Your goal. In the records below, find the line containing "Band 1 Schweizerische Bundesbahnen (SBB)" and the line containing "Het ‘wipklokje’ van Fattorini uit 1883.". Give again exactly those lines and every line between them, omitting the pictures.

+ + + + +

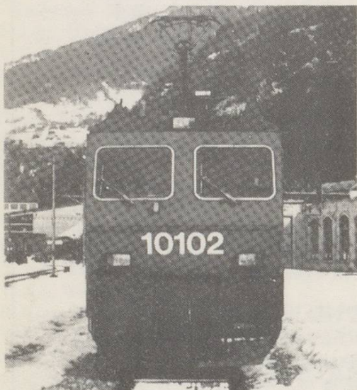
Lokomotiven und Triebwagen der Schweizer Bahnen Band 1: SBB. 1986 Edition. German. SFr 24.80/£11.00

Band 1 Schweizerische Bundesbahnen (SBB)
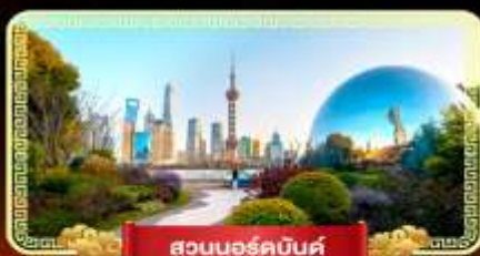
สวนนอร์คบันด์
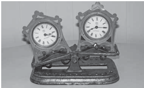
Het ‘wipklokje’ van Fattorini uit 1883.

In 1861 deed de zandloper zijn intrede in de schaakwereld. Voor een match om de (officieuze) wereldtitel achtte men die blijkbaar niet betrouwbaar genoeg, want vijf jaar later speelden Adolf Anderssen en Wilhelm Steinitz met twee klokjes die door een scheidsrechter na elke zet werden aan- en uitgezet. De grote doorbraak vond plaats in 1883 toen op een internationaal

+ + + + +

Exercise response.
Band 1 Schweizerische Bundesbahnen (SBB)
สวนนอร์คบันด์
Het ‘wipklokje’ van Fattorini uit 1883.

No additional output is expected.